Weare was the accommodation barge from the Gulf of Mexico that first served as a prison hulk in New York subsequently bought by HM government to be moored alongside in Portland Harbour. Frances Crook, Secretary of the Howard League, together with the Chairman, Andrew Rutherford and I, visited the day before the first prisoners arrived. This deck was the exercise area and given the eastern side of Portland is fully exposed from NE to SE it would have been difficult even to stand up on it in any thing fiercer than Beaufort Force 6.

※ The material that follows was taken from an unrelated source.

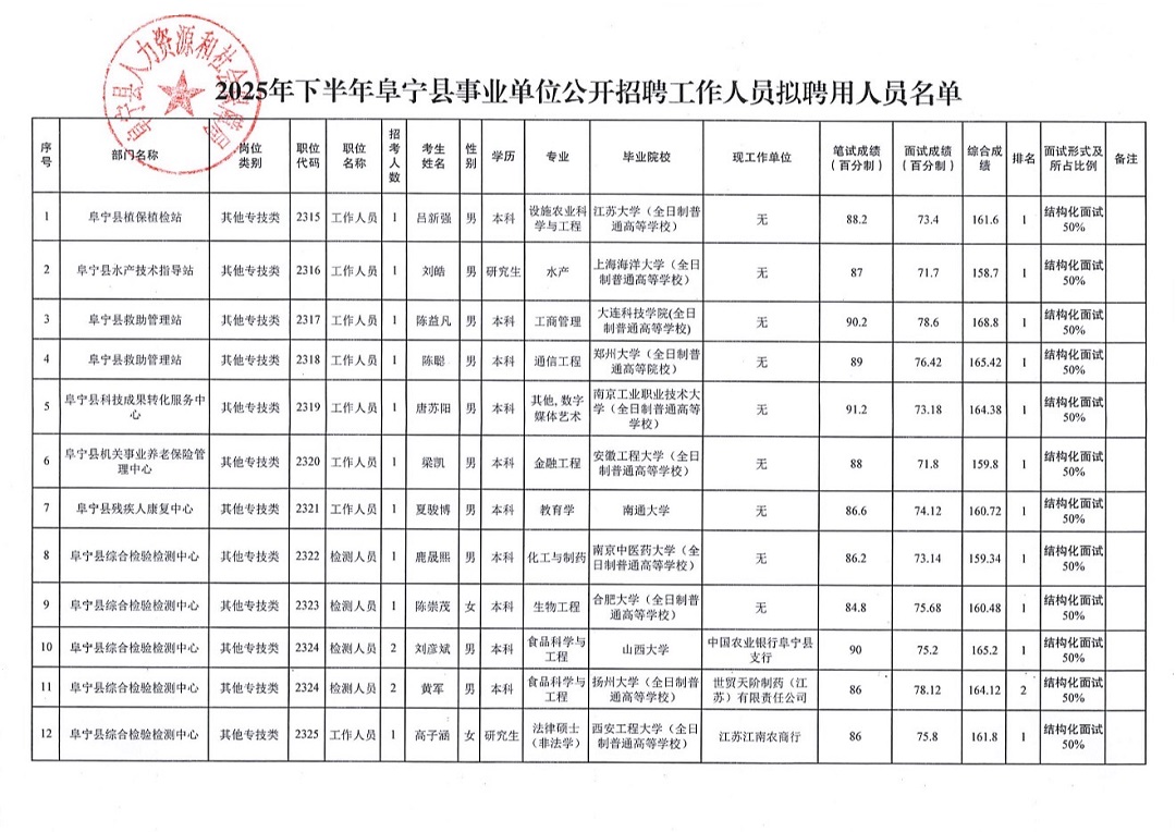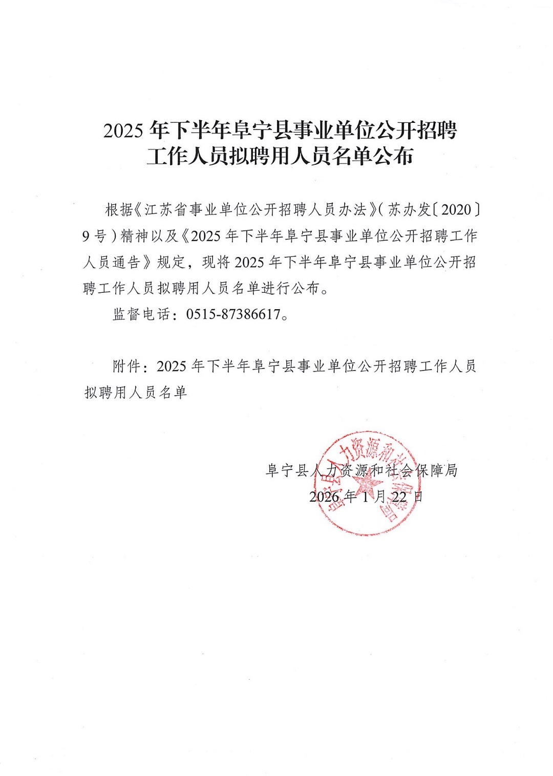2025年下半年阜宁县事业单位公开招聘工作人员拟聘用人员名单公布

Page 15: Terry Morris’ Photo Album

The Croydon Photographs

These are six pictures selected from a number taken by me of the areas where juvenile offenders were to be found. Here we are looking for the most part at a forgotten Croydon ignored by the more affluent parts of this then County Borough. Taken on my ancient Kodak bellows camera in 120 format they are printed on glass slides

Page 16: Terry Morris’ Photo Album

The Croydon photographs.

Page 17: Terry Morris’ Photo Album

The Croydon photographs.

Page 18: Terry Morris’ Photo Album

The Croydon photographs.

Page 19: Terry Morris’ Photo Album

The Croydon photographs.

Page 20: Terry Morris’ Photo Album

The Croydon photographs.

Page 21: Terry Morris’ Photo Album

The Croydon photographs.

Page 22: Terry Morris’ Photo Album

AND A FINAL SHOT FROM 1954

This is the 1954 Mark 1 Ford Consul, OXP 679, in which I was privileged to convey Margaret Mead from rural Sussex to London. Being a Ford, it of course broke down and the relaxed comment from the Grande Dame of Pacific anthropology was:“ In this country the gremlins work with IBM cards”. A stone had struck the radiator drain tap, thereby emptying the cooling system, and the engine boiled. A nearby cottage kindly supplied hot water to get us on the road again. Though a bigger car, the mechanical pedigree of the Mark 1 Consul had features in common with the Ford Prefect 100E (with the not dissimilar registration, OXF 12) pictured on the cover of Fine Lines and Distinctions.In retrospect, having driven both models I wonder if they were just early Skodas in disguise?